15. (a) The Chairperson of the Society shall preside as Chairperson at every general meeting of the Society;

(b) If there is no Chairperson or if at any meeting he is not present at the time of holding the same, the Vice-Chairperson shall preside as Chairperson;

(c) If there is no Chairperson or Vice-Chairperson or if at any meeting neither the Chairperson nor the Vice-Chairperson is present at the holding of the same, the members present shall choose someone of their number to be Chairperson.

16. The Chairperson shall have no vote except in the case of an equality of votes. In the case of an equality of votes, he shall have a casting vote.

17. The Chairperson may, with the consent of the meeting, adjourn any meeting from time to time and from place to place, but no business shall be transacted at any adjourned meeting, other than the business left unfinished at the meeting from which the adjournment took place, unless notice of such new business is given to the members;

18. At any meeting, unless a poll is demanded by at least three members, a declaration by the Chairperson that a resolution has been carried and an entry to that effect in the book of proceedings of the Society shall be sufficient evidence of the fact, without proof of the number or proportion of the members recorded in favour of or against such resolution.

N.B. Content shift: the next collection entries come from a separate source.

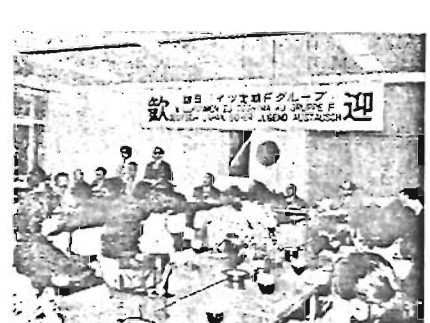
グーテン・ターク(コンニチワ)々 西ドイツから青少年が来庁 10月5日、訪日西ドイツ定期交歓F班23名が来庁。ただちに会議室で区長、議長らが出迎え歓迎会がもたれました。このグループは、日本の文化、歴史、教育などを自らの目で学ぼうと来日したもの。両国の国旗と歓迎の横断幕の下で、豊島区の「世界青年友の会」会員たちとなごやかな交歓会が行なわれ、席上区長からおみやげをもらって大喜びでした。

11月は 市民総ぐるみの 公害監視 ゴミの不法廃棄! 不法 駐 車! 迷惑な騒音! 公害監視強化の月 青少年育成活動に 補助金を交付します 秋はなんといってもスポーツ など体力づくりの季節です。 体育の日、文化の日、勤労感 謝の日など日曜日にあたらない 休みの日が多くあります。 スポーツ大会や野山にハイキ ングやビクニックなど各地で行 なわれるのもこの時期です。 区ではこうした行事を計画し ている主として青少年を対象と したグループや団体に補助して おります。 申請先 地区青少年育成委員会 (区役所出張所内) お問い合わせは、区役所厚生部管 理課青少年係(内線314)へどう ぞ。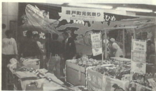
40周年記念物産展(松山ニチイ)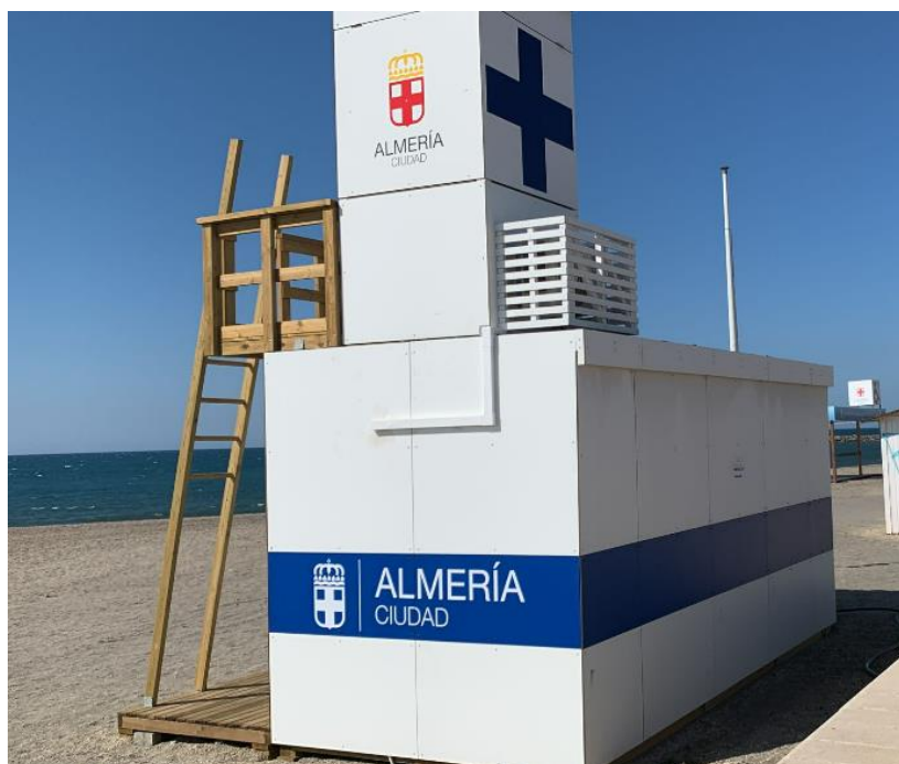
Detalle del puesto de socorrismo de Costacabana.

Este contrato se encuentra finalizado Contrato de suministro de Suministro e instalación para la reposición de dos (2) módulos de salvamento en playas en las playas de El toyo y Costacabana , cuya empresa adjudicataria es Maderas Impregnadas para el Exterior S.L.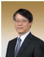
宮部博史（正会員：フェロー）

1977年東北大学博士課程修了。1990年同大学工学部教授を経て1993年同大学電気通信研究所教授。2010年東北大学名誉教授、同大学電気通信研究所客員教授、公立ほこだて未来大学理事。2011年中央大学研究開発機構教授。情報通信システムの構成、人と情報環境の共生などの研究に従事。IEEEフェロー、電子情報通信学会フェロー、情報処理学会フェロー、文部科学大臣表彰「研究部門」、情報処理学会功績賞、電子情報通信学会業績賞および功績賞など受賞。1993年DPS研究会主査。情報処理学会会長(2009年5月～2011年6月)。ICTに基づいた人の暮らしと自然の共生に関する研究に従事、総務省：ICTグリーンイノベーション推進事業PREDICT「情報システムの省電力化を実現する次世代ネットワーク管理技術の研究開発」(2011-2013)推進中。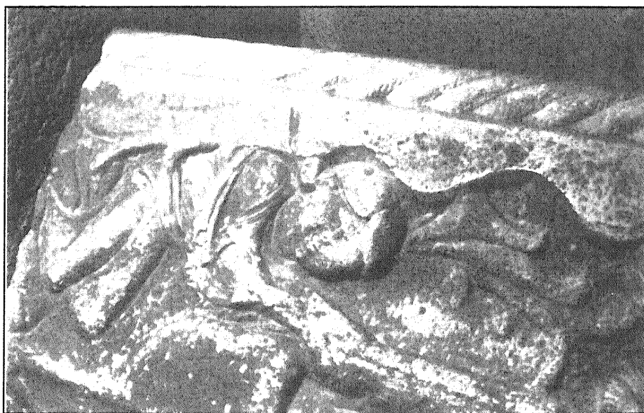
(Fig. 2). Detalle esquerdo: Anxo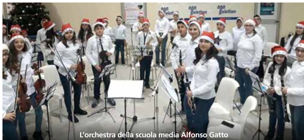
L'orchestra della scuola media Alfonso Gatto

Si è aperta sulle note di Carmina Burana di Carl Orff la manifestazione "Dona con il cuore", organizzata per raccogliere fondi destinati a sostenere la ricerca sulla distrofia muscolare, in favore della fondazione Telethon.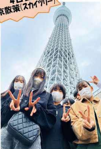
4日目 東京散策(スカイツリー)

な仕事場でした。生徒たちは真鍮の選別とステンレスの選別作業の体験。あつという間に作業に慣れた生徒たちは「作業楽しい」と言いながら、仕分けていました。4日目、最終日は東京散策を楽しみながら、街中の様々な仕事を観察するという研修を行いました。生徒たちは、いろいろな仕事や働く人々を見る中で、仕事における「かかわる力」の重要性に気づいたようです。 今帰仁村出身の方々が県外で活躍する姿を見て、生徒らは嬉しい気持ちと同時に、たくさんの方々の刺激を受けたことでしょうか。貴重な体験となりました。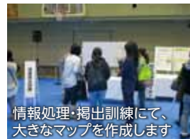
情報処理・掲出訓練にて、大きなマップを作成します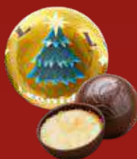
Boule Noël crème brûlée noir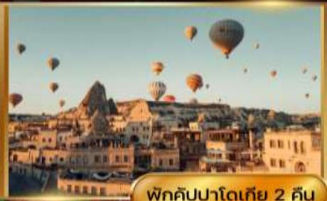
พิกคิปปาโดเกีย 2 คืน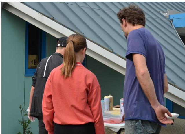
Séance de composition avec les jeunes de la maison de pyramide à Lagnieu.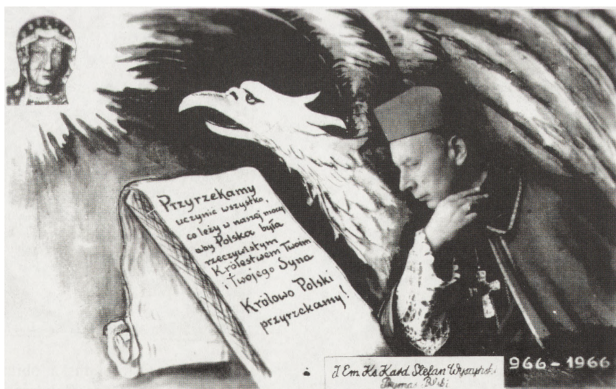
Obrazek drukowany techniką fotograficzną na obchody Millenium, 1966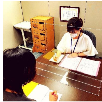
●安定感のある窓無しタイプ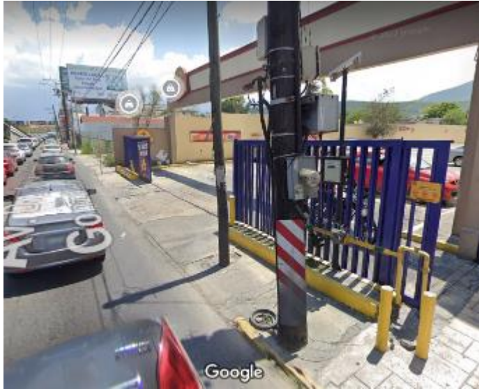
A la altura del Pollo Loco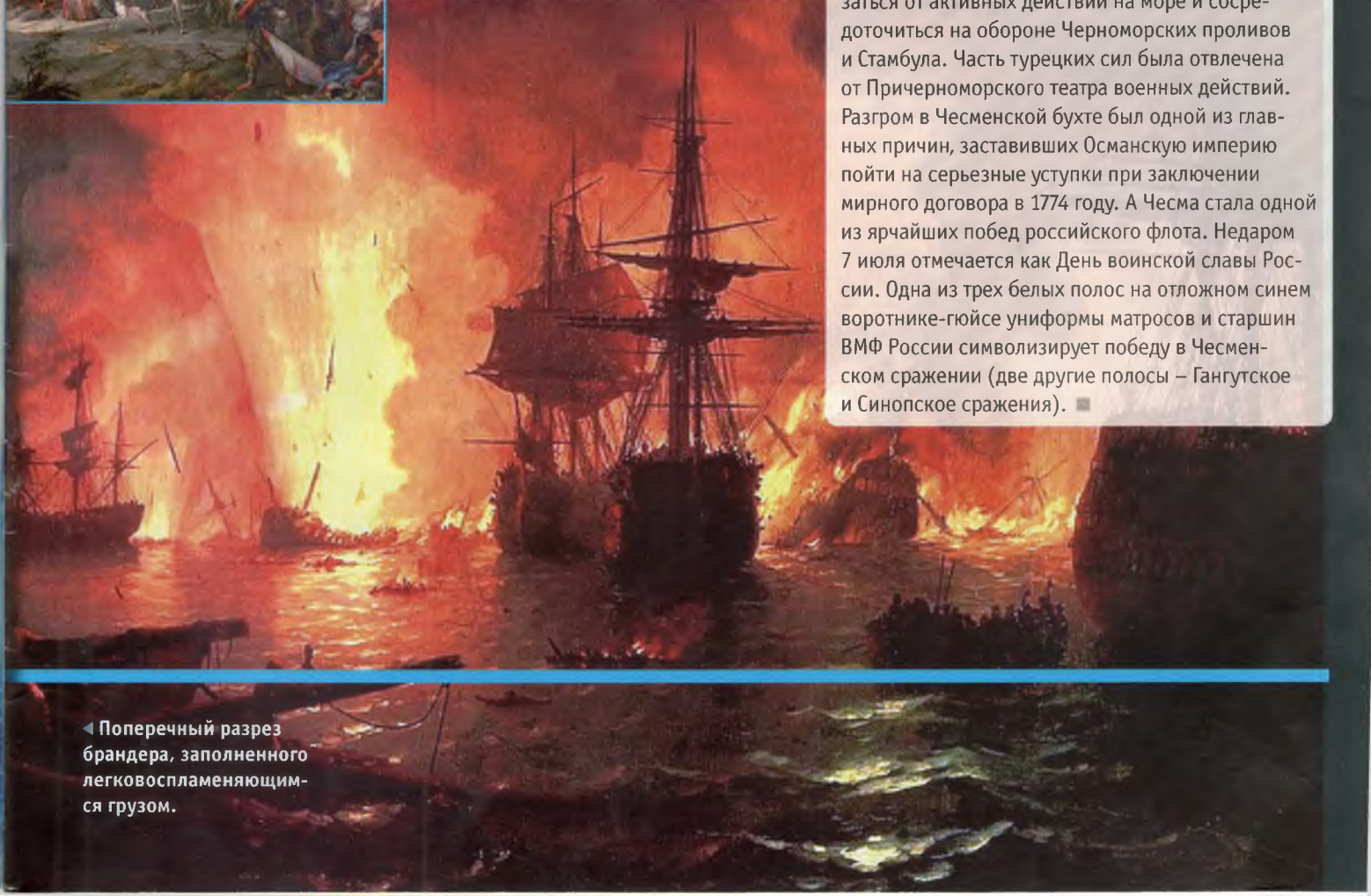
◀ Поперечный разрез брандера, заполненного легковоспламеняющимся грузом.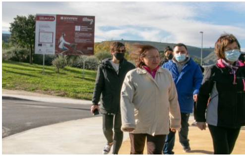
Cartelera de obra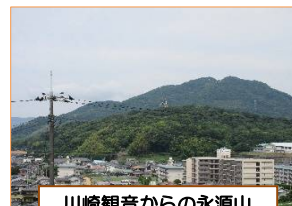
川崎観音からの永源山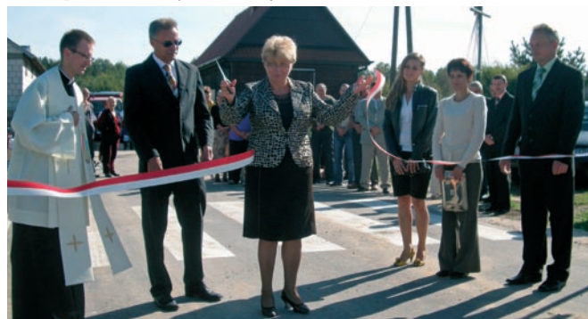
Kolejna „schetynówka” otwarta

Ogółem wpłynęło 108 wniosków na kwotę 111 723,2 tys. zł, w tym 26 wniosków z powiatów na kwotę 49 221,9 tys. zł oraz 82 wnioski z gmin na kwotę 62 501,3 tys. zł. Na podstawie uchwały Rady Ministrów nr 157/2009 z dnia 15 września 2009 województwo świętokrzyskie otrzymało do dyspozycji 52 540 tys. zł. Na podstawie merytorycznej oceny dokonanej przez komisję, wojewoda rekomenduje do zatwierdzenia przez Ministra Spraw Wewnętrznych i Administracji 17 wniosków z powiatów na kwotę 26 270 tys. zł oraz 20 wniosków z gmin na kwotę 26 270 tys. zł. Wnioski ponad limit nie były rozpatrywane przez komisję i zostały odesłane do wnioskodawców.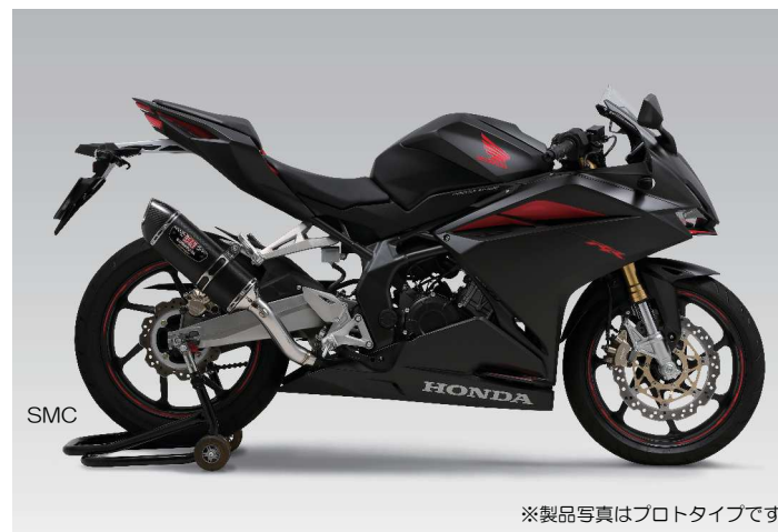
SMC ※製品写真はプロトタイプです。

このEXPORT SPECは、海外の拘ったユーザーのリクエストを反映する事により、性能を重視しつつ職人的な溶接(Tig)の焼け色や加工跡はオリジナルのまま仕上げています。素材に高耐久ステンレスを使用することによりヨシムラ独自のデザイン・スタイルを実現させながらもコストパフォーマンスにも優れています。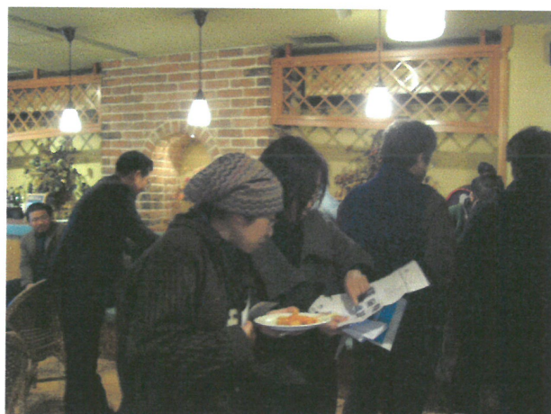
現場的民眾都很用心的對所看到的作品發表自己的想法，並與藝術家做討論。

而在當天的活動結束之前，負責人本田先生特地對在場的來賓謝謝我遠道而來，這次的交流讓他們有機會更了解台灣的年輕創作者，更有民眾希望我還能再到他們岐阜去展出，而我也謝謝他們對於此次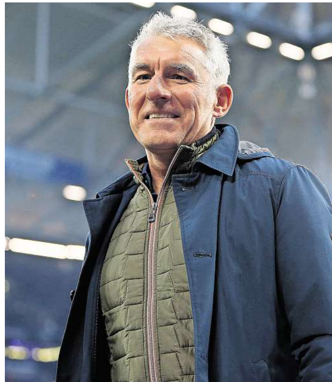
Mirko Slomka ist zu Gast beim Fußballtalk der Neuen Presse am 17. Dezember in der Alten Druckerei.

Die Saison schreitet voran, es geht direkt auf das Weihnachtsfinale zu. Die Zweitliga-Tabelle bleibt eng und Hannover 96 mischt weiter ganz oben mit. Auch wenn nicht immer alles perfekt läuft, präsentiert sich das Team stabil. Einer, der genau weiß, wie sich solche Drucksituationen anfühlen, ist Mirko Slomka. Für die Fans ist er untrennbar mit den erfolgreichsten Jahren von Hannover 96. Beim NP-Anstoß am 17. Dezember wird die Trainerlegende zurück auf alte Zeiten blicken. Vor allem aber geht es um die Perspektive der Zukunft. Und da traut Slomka den Roten schon in dieser Saison Großes zu. Slomka kommt nicht nur, um in Erinnerungen zu schwelgen. Er ist ein präziser Beobachter des heutigen Fußballs, kennt die Strukturen bei 96 immer noch gut und kann einschätzen, wie weit die aktuelle Mannschaft unter Trainer Christian Tietz wirklich ist.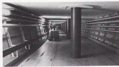
Transportkanal für Handgepäck im Flughafenbahnhof Kloten. VERMIPAN-Platten, 40 mm dick. Totale Wandlänge ca. 1200 Meter.

fach ist und mit allen, in jedem Schreinereibetrieb üblichen Hartmetallwerkzeugen vorgenommen werden kann. . . . weil VERMIPAN-Platten rohbelassen, gestrichen, verputzt, furniert oder mit Kunststoffplatten, Blech sowie irgend einem anderen, Ihren Wünschen entsprechenden Material, belegt werden können.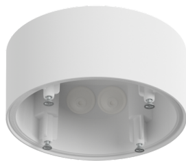
Conjunto de montagem de superfície SM IP54 PD4N H Número: 93787

Tensão: 230 V AC \pm 10\% 50 Hz Dimensões: \varnothing 106 x 95 mm Alimentação: aprox. 3 W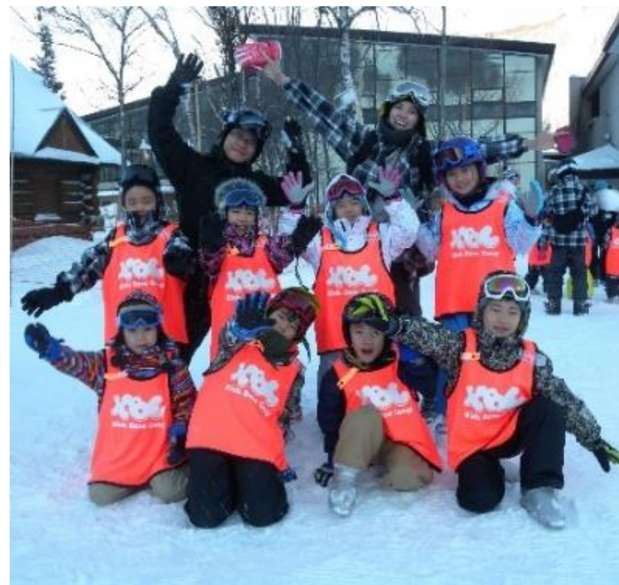
▲あっという間に仲良しに♪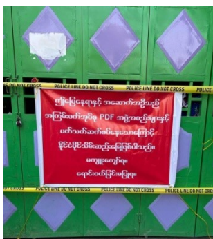
The confiscated office of Mahar Rescue group.

Last week in Mandalay, all property belonging to the Mahar Rescue group, which is providing free health care for COVID-19 sufferers in the city, was sealed off for allegedly associating with people's defense forces. At least eight members of the group were detained during the raid.

19. If a poll is demanded in manner aforesaid, the same shall be held such in a manner as the Chairperson may prescribe and the result of such poll shall be deemed to be the resolution of the Society in general meeting.

VOTES OF MEMBERS

20. Every member shall have one vote and no more.

DIRECTORS

21. Unless otherwise determined by general meeting, the number of directors shall not be less than four or more than ten. The subscribers to the Memorandum of Association of the Society shall be the first directors of the Society.

22. Any member of the Society shall be eligible to be elected a director of the Society.

23. Directors shall be elected by members at each ordinary or annual general meeting of the Society.

24. At the first ordinary or annual general meeting of the Society and at every succeeding ordinary or annual general meeting, all the directors shall retire from office but shall hold office until the dissolution of the meeting at which their successors are elected and retiring directors shall be eligible for re-election.

25. In the event that a director resigns his office or ceases to be a member in the Society, whereupon his office as director shall ipso facto be vacated, the vacancy thereby created may be filled for the unexpired portion of the term by the Board of Directors from among the members of the Society.

26. The Society may, by special resolution, remove any director before the expiration of the period of office and appoint another person in his stead. The person so appointed shall hold office during such time only as the director in whose place he is appointed would have held office if he had not been removed.

27. Meetings of the Board of Directors shall be held as often as the business of the Society may require and shall be called by the Secretary. A meeting of directors may be held at the close of every ordinary or annual general meeting of the Society without notice. Notice of all other meetings, specifying the time and place thereof, shall be given either orally or in writing to each director within a reasonable time before the meeting is to take place, but non-receipt of such notice by any director shall not invalidate the proceedings at any meeting of the Board of Directors.

28. No business shall be transacted at any meeting of the Board of Directors unless at least one-third in number of the directors is present at the commencement of such business.

29. The Chairperson or, in his absence, the Vice-Chairperson or, in the absence of both of them, any director appointed from among those directors present shall preside as Chairperson at meetings of the Board.

30. The Chairperson may be entitled to vote as a director and, in the case of equality of votes, he shall have casting vote in addition to the vote to which he is entitled as a director.